Что подразумевал господин Пругавин под словом ‘добро’, почему его у всякого было много дома, — этот вопрос так и остался открытым. Но всем было известно, что господин Пругавин всегда протестовал относительно своей супруги — что бы она ни сказала. Это зависело больше всего от несходства их комплекций. Господин Пругавин был весьма сед, плешив, тощ, желт и желчен. Супруга его, напротив того, была особа пылкая, и настолько дебелая, что идеалисты при входе ее в комнату восклицали: ‘что за представительная дама’, — а позитивисты прибавляли к этому: ‘точно лошадь ввели с улицы’. Надо правду сказать, что госпожа Пругавина была очень монументальна, и занимала чрезвычайно много места. Можно было порадоваться, что она не живет в эпоху кринолинов, ибо в этой туалетной прикрасе она могла бы смутно напомнить уже не монумент, а целый холм и пригорок, в полном цвету, чему способствовало вдобавок то обстоятельство, что она обвешивалась, несмотря на свои сорок два года, травами и цветами наподобие Офелии. Дочка вышла не в нее, а скорее в отца, — потому что была до того грациозна и гибка, так колыхала своей тончайшей талией, что со стороны можно было за нее беспокоиться: вот-вот сейчас хрупнет и сломается. Сын, — тот опять-таки имел наклонность к полноте — и в двадцать четыре года обладал очень солидным закруглением в брюшке, так что товарищи, пошлепывая его, говорили: ‘и-и брат, да буфет-то у тебя того!’

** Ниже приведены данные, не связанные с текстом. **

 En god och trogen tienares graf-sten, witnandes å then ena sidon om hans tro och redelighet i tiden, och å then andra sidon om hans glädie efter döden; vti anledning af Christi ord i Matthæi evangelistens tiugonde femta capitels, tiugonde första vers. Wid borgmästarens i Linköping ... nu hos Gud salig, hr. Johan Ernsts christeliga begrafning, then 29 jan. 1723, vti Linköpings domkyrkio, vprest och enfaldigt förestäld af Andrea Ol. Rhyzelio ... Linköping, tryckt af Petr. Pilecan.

Голос господина Пругавина не имел первенствующего значения, и потому его оставили в стороне, и устроив домашний совет, сообразили, кого пригласить для чтения. К сожалению, у них не было знакомых литераторов, то есть настоящих, которые печатались бы в ‘органах’. Был, правда, один, да и то не литератор, а стихотворец, Сергей Сергеевич Карамелев. Он действительно напечатал в одном ‘органе’ два стихотворения: ‘Привет’ и ‘Идол’. — ‘Привет’ начинался так:
Привет тебе от скромного поэта,
Царица грез и сердца моего!..
Далее было не менее энергично. Но ‘Идол’ — это была вещь положительно прелестная! Поэт рассказывал, что было время, когда он смотрел на нее как на божество, как на идола, но вот теперь, когда она отдала ему всю свою любовь, он с изумлением замечает, что его милая также строго смотрит на него с лучезарной высоты, — он восклицал:
Да, ты моя!.. Но в прежнем исступленье
Приникнул я в слезах к твоим ногам,
Все тот же храм, и то ж благоговенье,
И те ж мольбы, и тот же фимиам!..
Барышни при последних строках не выдерживали и испускали легкий стон восторга, чем и вознаграждали поэта за три бессонные ночи, которыми он высидел свое стихотворение.

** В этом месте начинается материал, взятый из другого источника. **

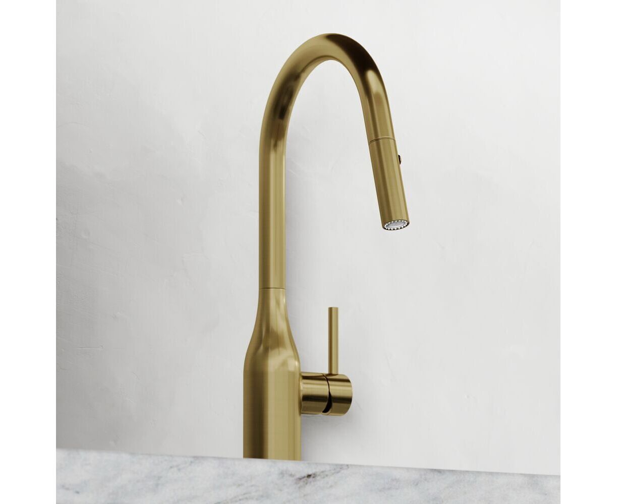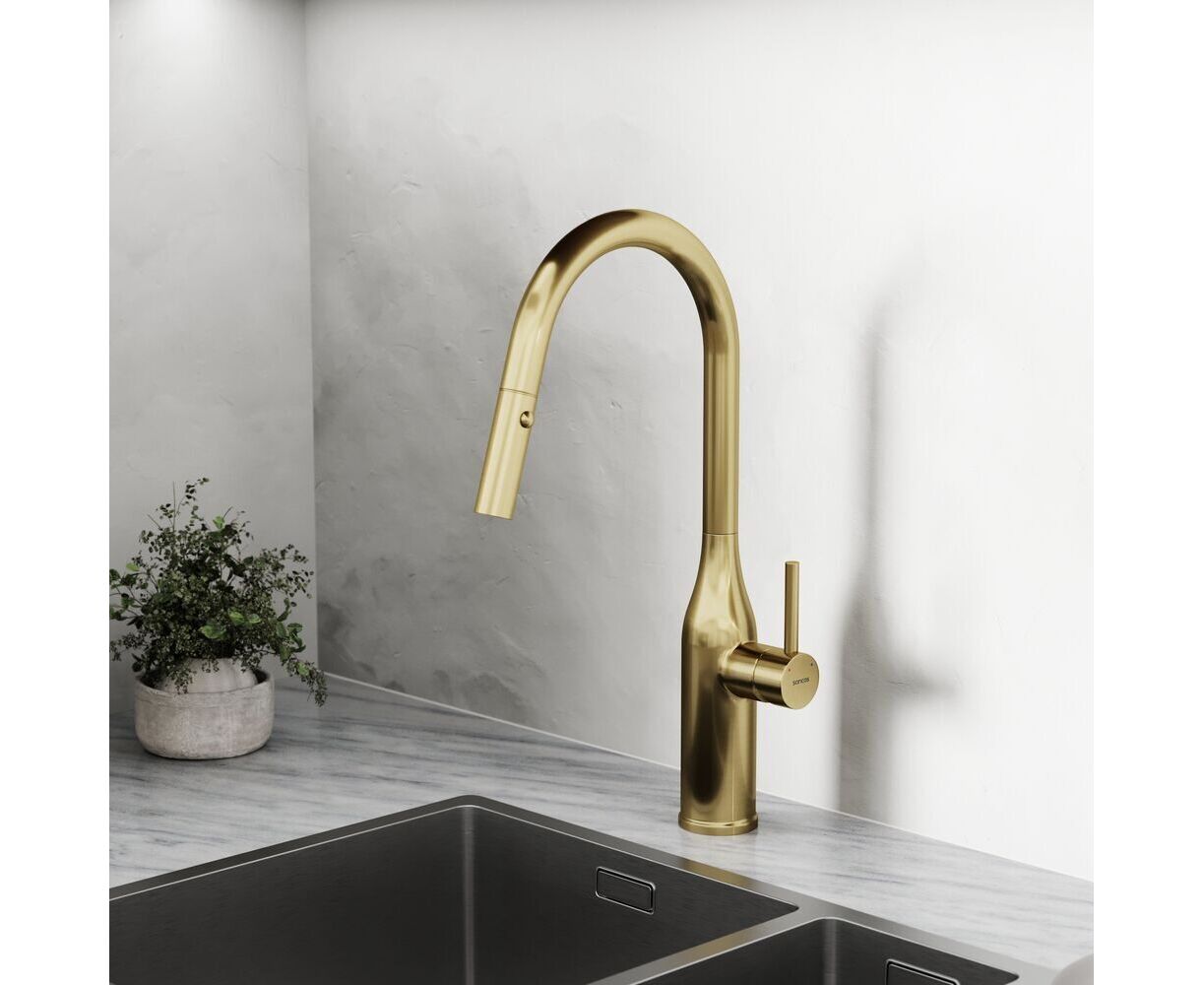 Характеристики Смеситель для кухни Sancos Grand с вытяжным изливом брашированное золото PVD покрытие SC4002BG
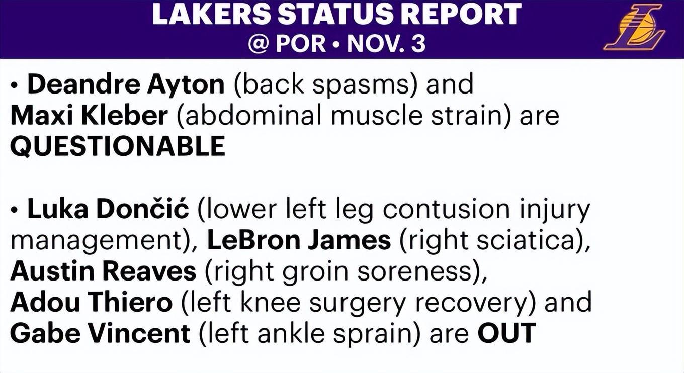 根据湖人队官方公布的伤病报告,本场比赛共有5名球员确定无法出战,另有2人状态为“出战成疑”。具体名单如下:
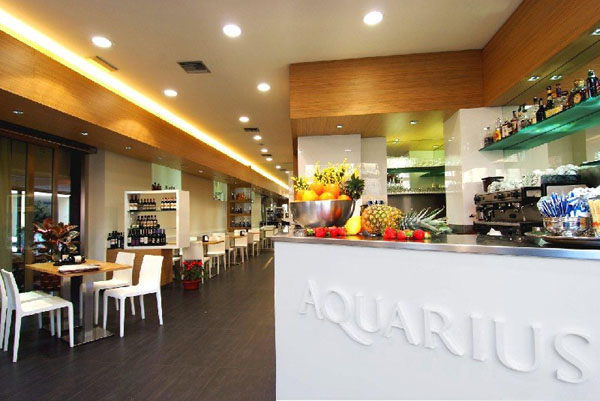 Un ambiente elegante, confortevole e di classe, suddiviso in tre sale che possono ospitare circa 70 coperti. Al ristorante Aquarius il cliente potrà scegliere di cenare nelle comode sale non fumatori oppure di cavalcare l’onda dell’esclusiva sala fumatori, denominata “transatlantico”. La location dispone inoltre di un pregevole dehor, completamente climatizzato, e le sale interne sono dotate di privee, adatti per incontri privati o di lavoro.
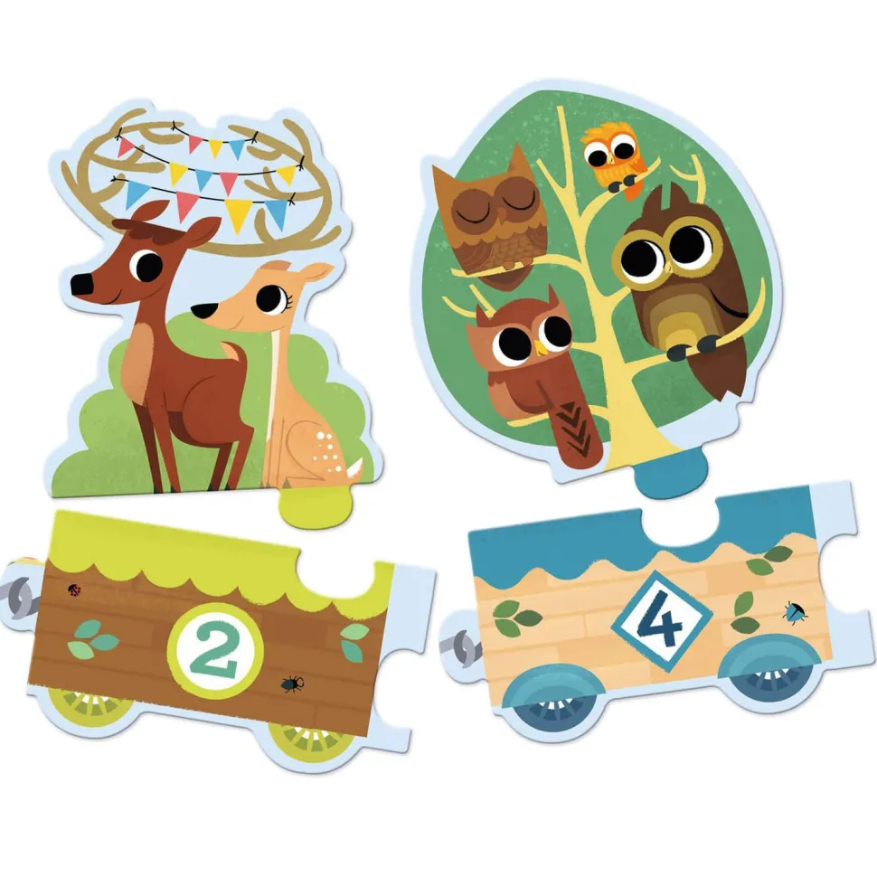 Un puzzle frise de 20 pièces, de la marque Djeco, à remettre dans l’ordre pour apprendre les chiffres, les quantités et la suite numérique grâce au train des animaux de la forêt.
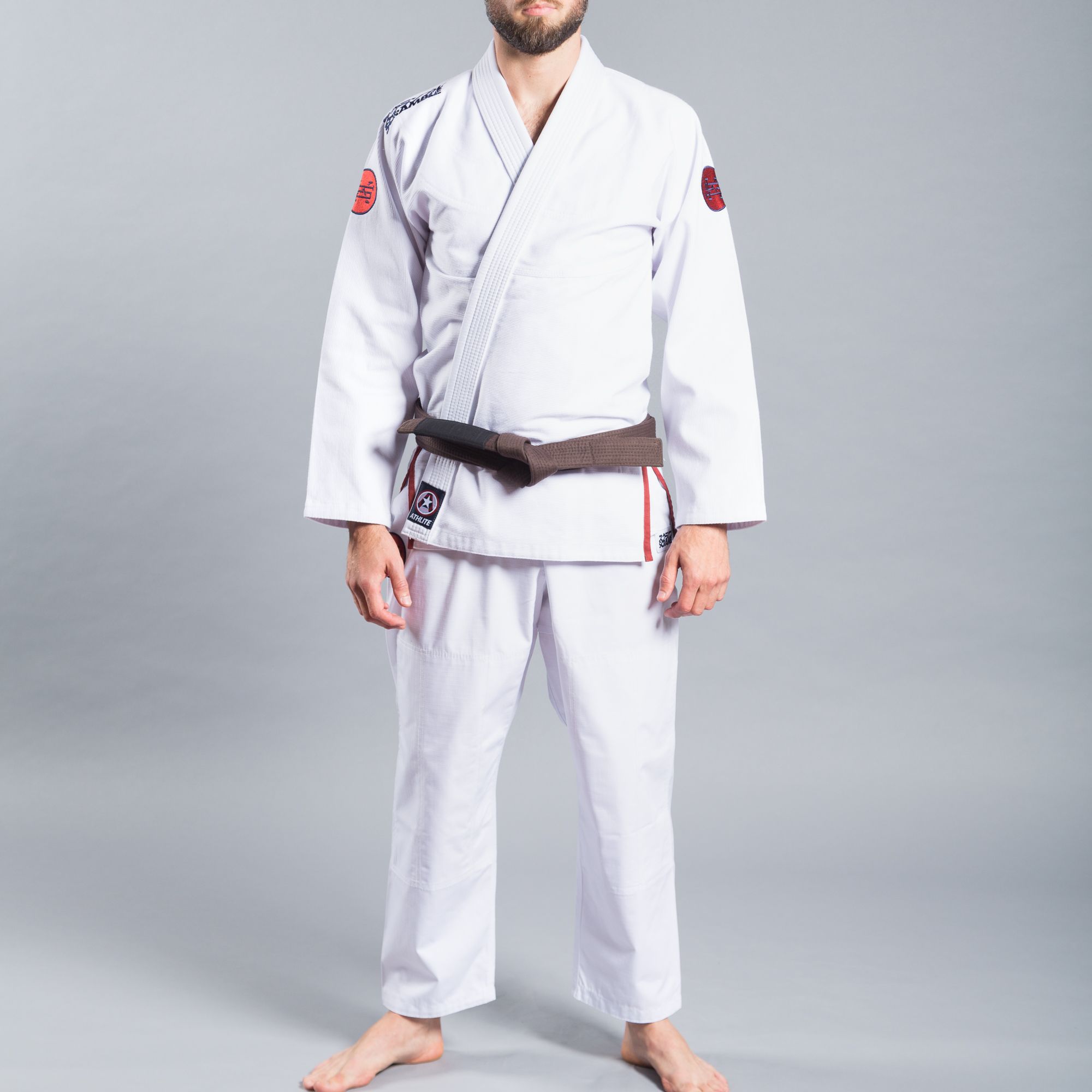 Scramble’s Ultralight Competition Kimono. Lightweight 350gsm pearl weave top and 250gsm ripstop pants. Giving you an extra 500 grams breathing room compared to our Athlete 3, the Athlite ensures that you can enter competition safe in the knowledge that didn’t need to starve yourself to make weight. Because who doesn’t love hamburgers? Vegans? Yeah true. But they can still wear this gi. It’s vegan.

Положено было — Карамелева пригласить первым чтецом. Затем молодой Пругавин указывал на своего товарища Копаушина, очень обходительного штабс-капитана, пылавшего пафосской страстью к беллетристике. Он читал превосходно, и по преимуществу драматические вещи. При чтении он так одушевлялся, что с ним делалась истерика, и потом его часа два отпаивали эфирным валерьяном. По крайней мере он иначе не мог читать лермонтовский ‘Маскарад’. Далее имелся в виду преподаватель словесности в одной из гимназий, Люгин, человек крайне серьезный, медлительный, сосредоточенный, автор статьи — ‘Замечания о знаках препинания’, большой любитель читать вслух кому бы то ни было, — почему у него никто не бывал, из боязни быть отчитанным заживо.
Таким образом, на первое время исполнители находились. Решено было подать к чаю бутерброды с тертой солониной и сыром, чем ужин и заменялся вполне. Хозяйка рассчитывала на значительный эффект от этих чтений. Ни у кого из ее знакомых нет литературного кружка, а у нее будет. К ней будут собираться литераторы, ей будут завидовать.

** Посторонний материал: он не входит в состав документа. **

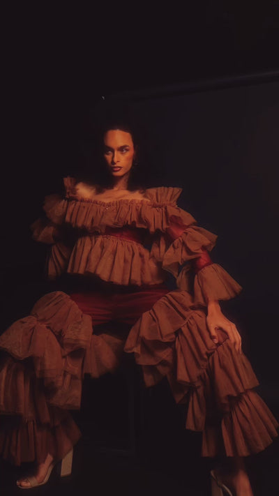 An ode to timeless elegance, the Hazel Pants are a masterpiece of craftsmanship and design. Rendered in a striking burnt copper hue, these high-waisted tiered pants capture the essence of modern sophistication with a hint of drama. The cascading ruffles are meticulously constructed to create fluid movement, embodying an effortless yet bold silhouette.
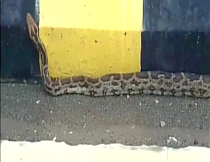 मीरजापुर में सड़क पर टहल रहा बड़ा अजगर
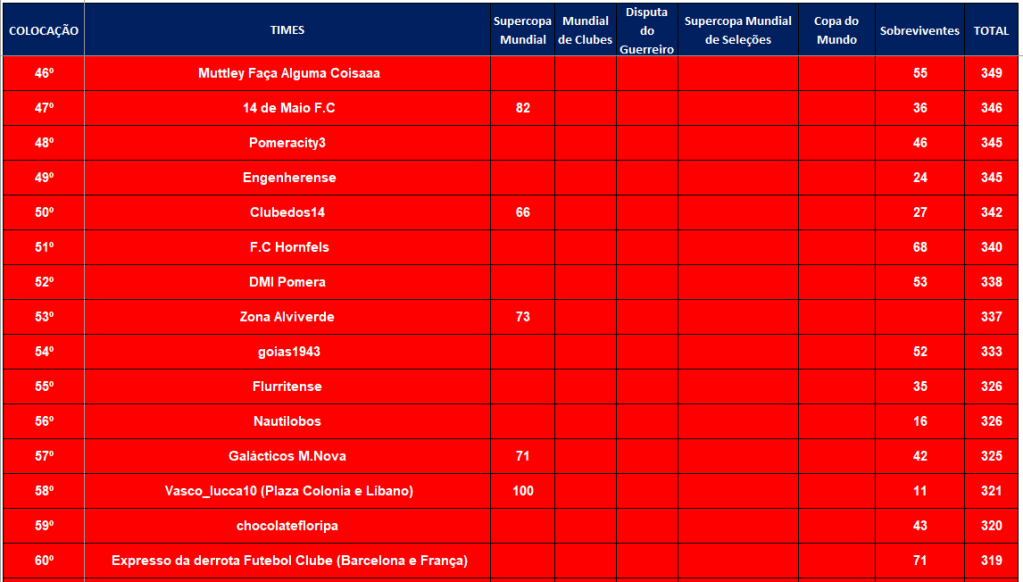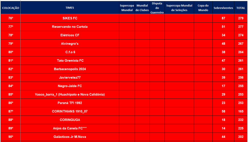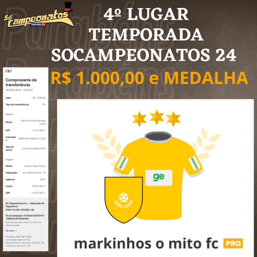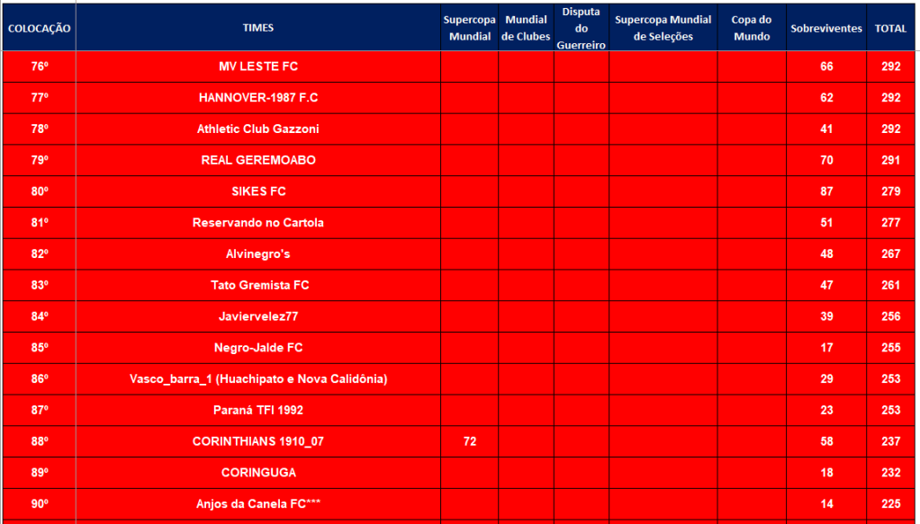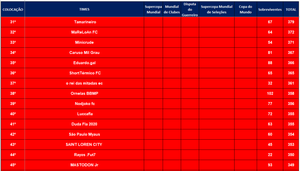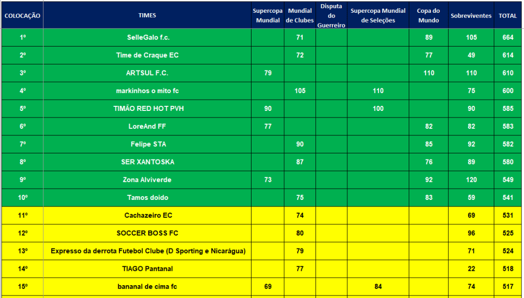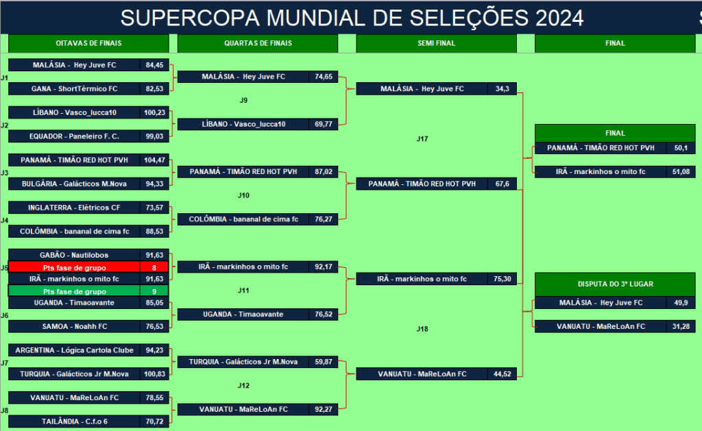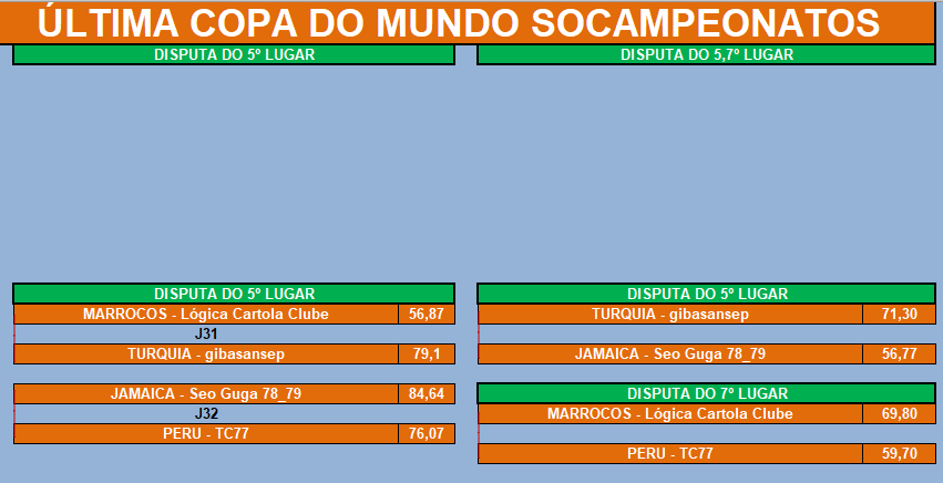 ÚLTIMA COPA DO MUNDO SOCAMPEONATOS – FASE MATA MATA – FINAL, DISPUTA DO 3º,5º,7º LUGARES Publicado em 06/12/2024 por socampeonatos

— Вот это я понимаю, — говорил толстый поручик, в волнении расхаживая из угла в угол. — Это действительно умно и приятно, — а то как ведь мы живем: пустота, сутолока!
— Только ты, Поль, уж пожалуйста, — заметила сестра, — распространи слухи о наших чтениях в полку, чтоб все-все твои товарищи бывали у нас.
— Женатых пожалуй и не надо, — вскользь возражала мать. — А то своди потом знакомство с женами, — и от теперешних-то визитов не знаешь куда деваться.
Пругавин был отчасти прав в своих сомнениях касательно интереса, возбужденного в обществе вестью о чтениях. Иные просто испугались.
— То есть что же это будут читать?
Им объяснили, что все: романы, повести, стихи, ученые статьи. Они крутили головами и не верили:
— Тут что-нибудь не так, — заключали они.
Девицы, особенно те, которым не давали Толстого и Тургенева, встрепенулись, решив, что хорошо бы послушать и Зола и Доде. Один старичок нашел, что было бы недурно, если бы на этих вечерах читали вырезки из газет за неделю:
— Так чтобы пришел, — говорил он, — сел в кресло, — да не вставая все бы за последние дни и узнал. Где кто кого зарезал, кого судили, кто умер, что в Китае делается.
Ему заявили, что это неудобно.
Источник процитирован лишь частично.